Unfortunately that does mean that my current, fairly readable approach of index-deduping all relevant chunks and then doing a somewhat straightforward streaming-join, sucks even more than I thought, performance-wise.

That's fine, we can always make it fast in a follow-up PR by adding even more cursor shenanigans instead... but let's integrate it all and cement the semantics first before trying to go there.
(Also, since this is purely a private implementation detail, maybe we could simply have a custom take kernel implementation that returns a DictionaryArray?)

I still want to keep this implementation around as it materializes explicitly the semantics we expect, and can in fact be made pretty fast once we actually have a ListView at our disposal.
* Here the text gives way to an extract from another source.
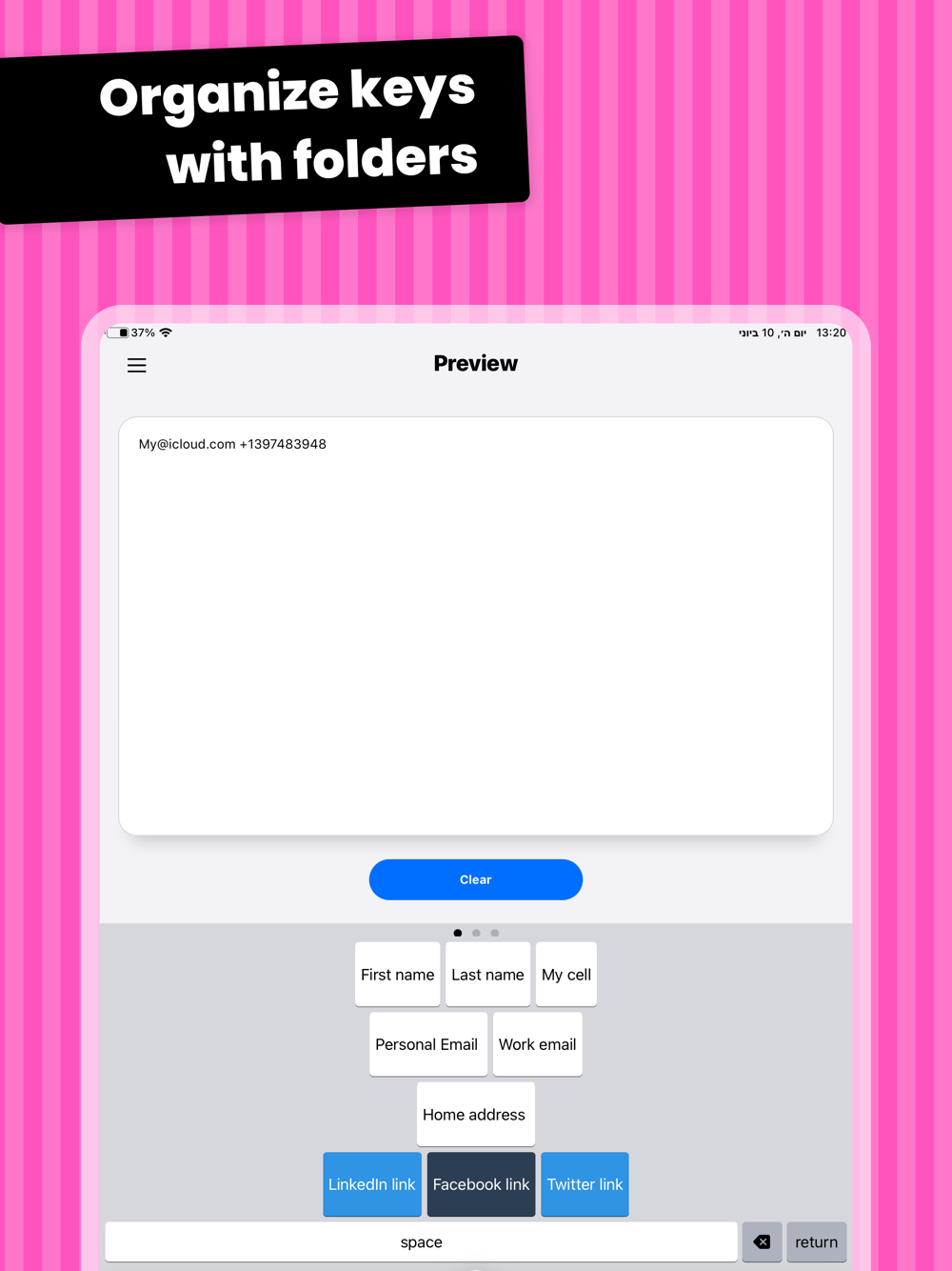 Personalize your custom phrases and templates, save time by inserting snippets, templates, phrases and much more, with just a tap of your keyboard.

jleibs · 2024-10-01T17:11:50Z

We need ListView once again.

Yeah, this definitely seems like an area where that would be nice. At least it looks like the relevant PRs are still moving forward on that one.

we can always make it fast in a follow-up PR by adding even more cursor shenanigans instead... but let's integrate it all and cement the semantics first before trying to go there.

Strongly agree.

At least at this phase no individual value should be copied more than once.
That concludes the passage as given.